Omar Jasika (; born 18 May 1997) is an Australian tennis player. He is the 2014 US Open boys' singles champion defeating Quentin Halys in the final. Jasika along with Naoki Nakagawa also won the 2014 US Open boys' doubles title after defeating Rafael Matos and João Menezes in the final. In winning both, Jasika became the first player in 28 years to win both the boys’ singles and doubles events at the US Open.

Jasika has a career-high singles ranking of World No. 223 achieved on 30 January 2023 and a career-high doubles ranking of World No. 220 achieved on 23 May 2016.

Personal life
Jasika was born in Melbourne, Australia. He is of Bosnian descent. His parents, Admir and Bina, emigrated from Bosnia and Herzegovina to Australia during the Bosnian War before Omar was born. He is the eldest child in his family and his brother, Amor, is also an aspiring professional tennis player. Jasika began playing tennis at the age of six. He attended South Oakleigh College throughout his schooling years.

Professional tour

2014: Tour Debut

After his success at the US Open, Jasika made his ATP World Tour debut in September, after he was given a wild card into the Malaysian Open. He drew Rajeev Ram in round one, and won the first set, and was within 2 points of the match in the second, before losing in three sets. In October, Jasika made his first final at the Australia F7 in Cairns.

2015
Jasika commenced 2015 at the Onkaparina Challenger where he drew No.1 seed and world No.80 Blaž Rola. He lost in three sets.
Jasika competed in the qualifying for the Australian Open, when he won two rounds, but lost in the final round to Marius Copil. In February, he played in the Australia Futures 1 tournament, where he lost in the final to Brydan Klein. In March, Jasika headed to China where he made the final round of qualifying in both Guangzhou and Shenzhen Challengers before heading to Guadeloupe where he qualified for and made the quarter final of the Guadeloupe Challenger. In May, Jasika won his first ITF title in Changwon. In July, Jasika won his second ITF title in Kelowna, dropping just one set along the way.

2016
Jasika made his grand slam debut at the 2016 Australian Open after being awarded a wild card. He won his first round match, beating Illya Marchenko in 4 sets; he subsequently lost to former finalist Jo-Wilfried Tsonga in the following round in straight sets. Jasika spent the remainder of the year predominantly on the Futures circuit across North America and Europe, making numerous quarter and semi finals, but no finals. 
In December, Jasika won the Australian Open wildcard play-off, earning him direct entry into the 2017 Australian Open. Jasika ended the year with a ranking of 367.

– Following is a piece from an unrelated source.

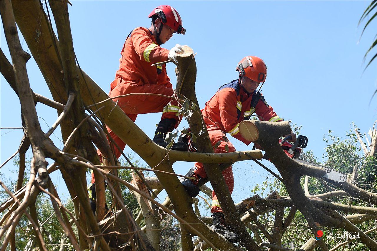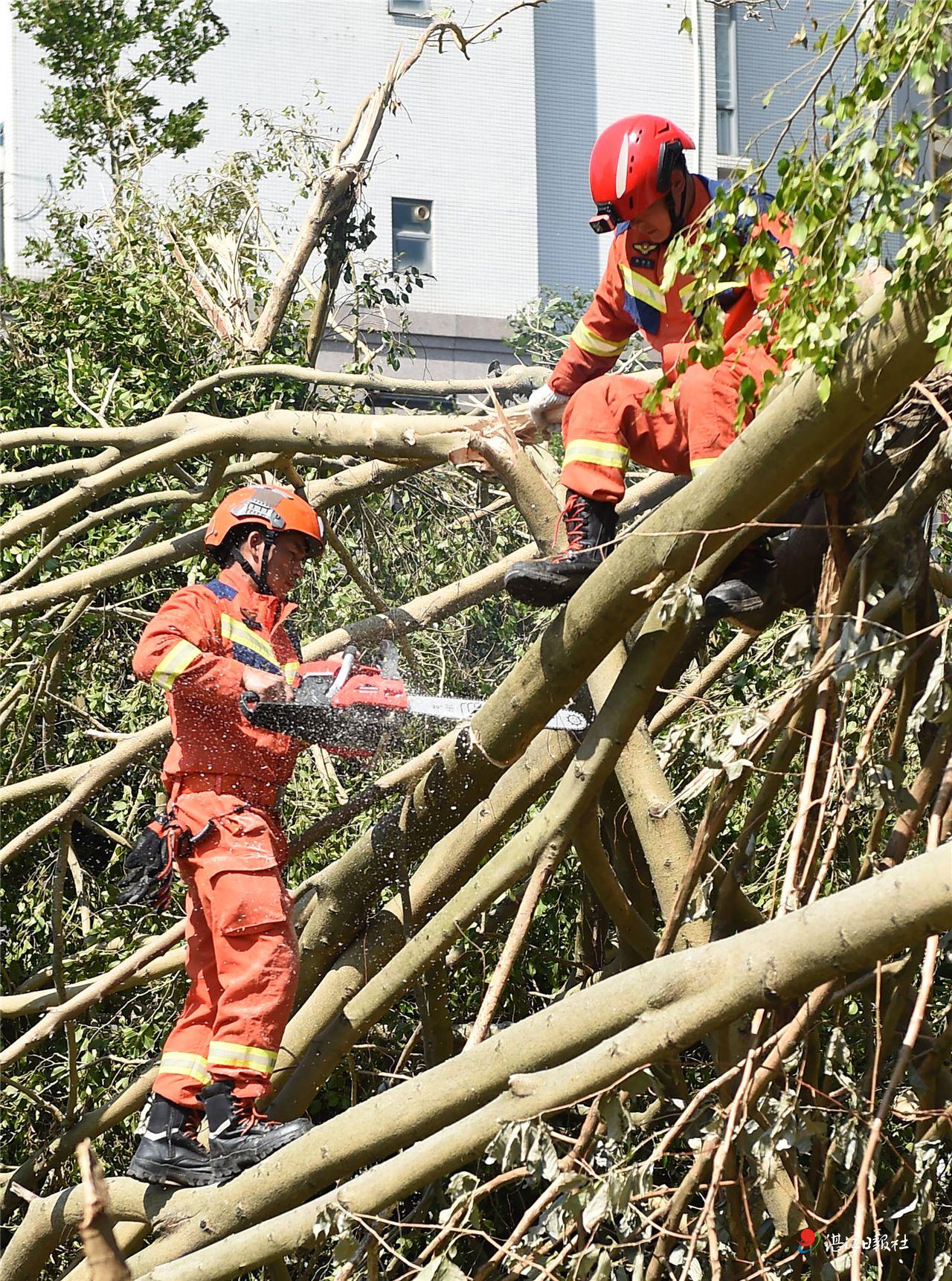 10月8日清晨,广东消防救援机动总队筹备组东莞驻防分队的消防员们已身着标志性的橙色救援服,奔赴海田路清障现场。在交错缠绕的残枝断木间,他们迅速投入战斗:手持专业切割工具的消防员稳稳固定锯片,随着“滋滋”的机械声响,锯片飞速旋转,断裂的树干被精准分割,消防员们默契配合。整个过程中,消防员们始终专注认真,不放过任何一处存在安全隐患的残树,以高效协作全力推进清障工作,只为尽快恢复环境整洁。据统计,该分队当日清理倒木90余棵,疏通道路约2.2公里,清理公园面积约40亩。

2017: First Challenger title
Jasika commenced the year with a wildcard into the Happy Valley Challenger where he reached his first ATP Challenger Tour final. At the 2017 Australian Open, Jasika lost in round 1 to David Ferrer. In February, Jasika won his first Challenger title in Burnie. In March, Jasika returned to the ITF circuit in Australia, reaching the semi final of the F2 in Canberra. In July, Jasika travelled to North America and competed on the Challenger Circuit, winning just one match. In September, Jasika reached the quarter final of Shanghai Challenger and in October, the quarter final of the Canberra Challenger. Jasika ended 2017 with a ranking of 276 .

2018
Jasika commenced the season by reaching the quarter final of the Playford Challenger before losing in round 1 2018 Australian Open – Men's singles qualifying. He was suspended from professional tennis by ASADA for two years after having tested positive for cocaine in December 2017. Jasika was eligible to play again in March 2020.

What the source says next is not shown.